Because who knows what would have happened?

He didn’t like to think of himself as impressionable, but the proof was looming directly ahead of him. Halcomb had talked Lucas into moving. He had convinced a hardened criminal to commit suicide. He had, potentially, persuaded a prison guard to kill himself and his wife. What influence could he hold over those who willingly followed him? What about the people who sent him letters, the ones who loomed in the trees just beyond the orchard?

I don’t want to find out.

And then there was the cross. He’d shoved it into his desk drawer days before. Then, it seemed to have had no purpose, and the things Echo had brought over had wiped Halcomb’s parting gift almost entirely from his mind. But now, after what Marty had said about the weapon Schwartz had used to kill himself, Lucas couldn’t
shake the dread. All logic assured him that it wasn’t the same cross Schwartz had used—surely, the police had taken that one into evidence. And yet, the mere idea of it sitting in his desk drawer gave him the creeps. Because what if?
Maybe he wants
me
to stab myself to death just like Schwartz.
Fat fucking chance,
he thought, shoved the car door open, and moved toward the front of the house.
You may have convinced me to move into this house of horrors, but suicide isn’t in the cards for me, Jeff.

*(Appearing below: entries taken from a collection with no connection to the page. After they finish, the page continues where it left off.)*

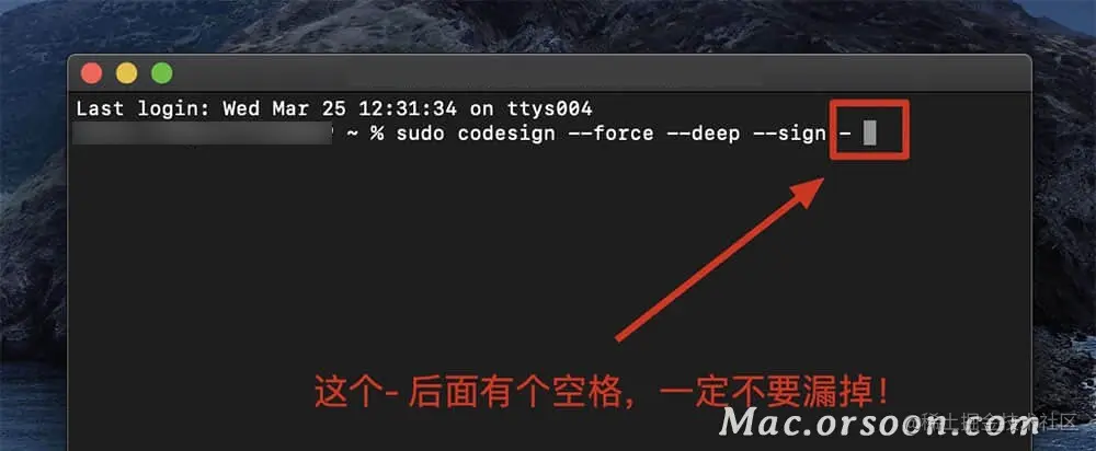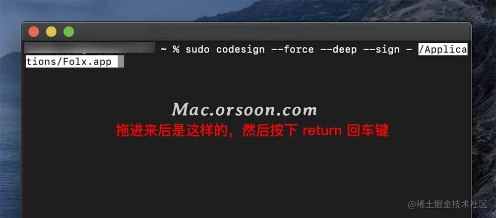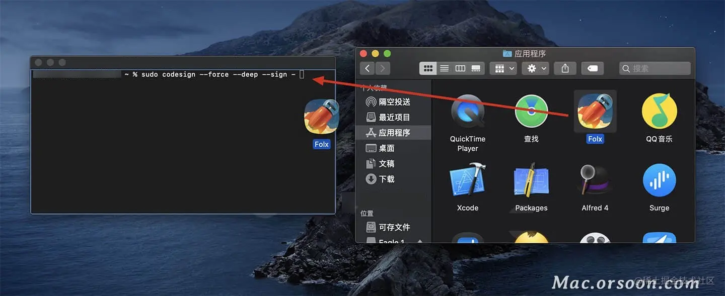 codesign --force --deep --sign - /文件位置(直接将应用拖进去即可)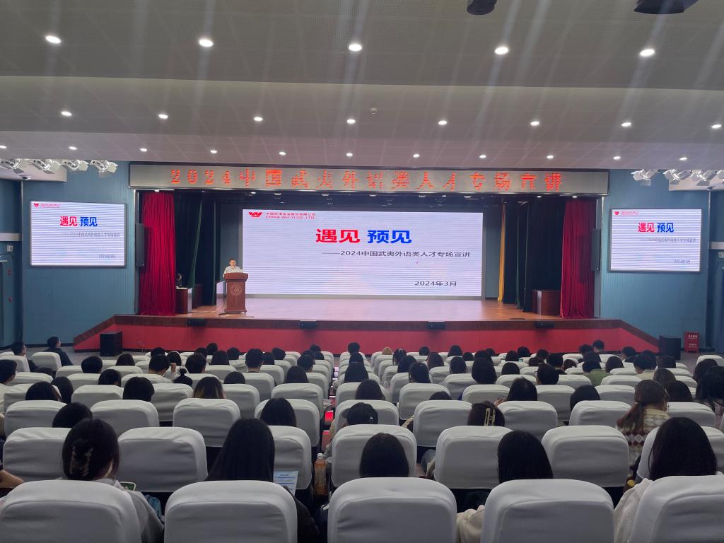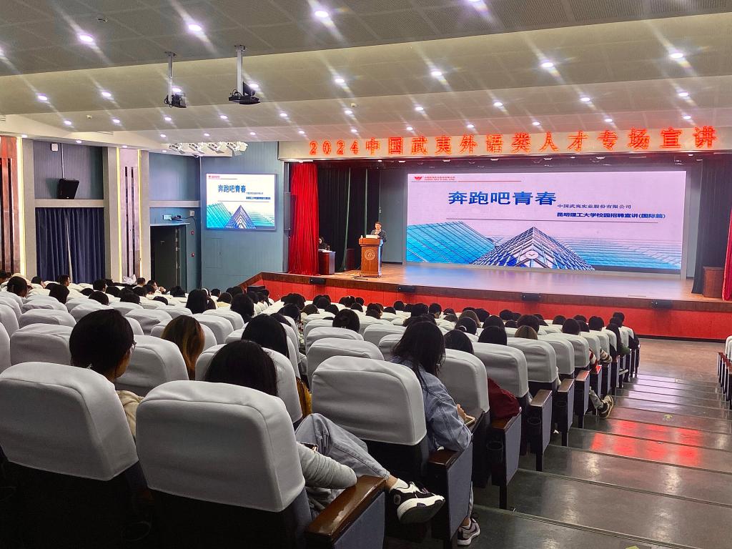 邀请中国武夷实业股份有限公司(以下简称“中国武夷”)在公教楼小剧场开展海外就业经验分享会暨专场宣讲会。院党委副书记邱清遐,本科生及研究生就业指导教师,外语类本科生、研究生,以及来自其他杏吧原创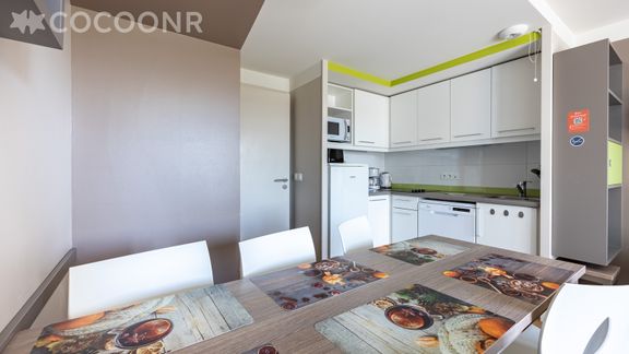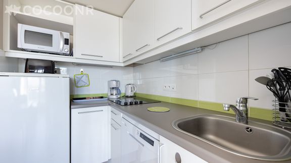 - Une cuisine ouverte équipée avec notamment : bouilloire électrique, four à micro-ondes, grille-pain, cafetière, lave-vaisselle, 4 plaques de cuisson...
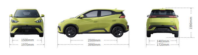 Seagull: 3780/1715/1540 mm, dingil mesafesi 2500 mm

When he stepped inside, Jeanie and Echo were sitting on the living room floor. The coffee table was between them, a game of Scrabble in full swing.

Jeanie was just about beaming, but the moment she laid eyes on him, her mood shifted to something darker. He watched as his kid shot a look at Echo, as if questioning whether she should greet him at all.

“Hey,” he said, raising an eyebrow at the pair. “Uh, everything okay here?”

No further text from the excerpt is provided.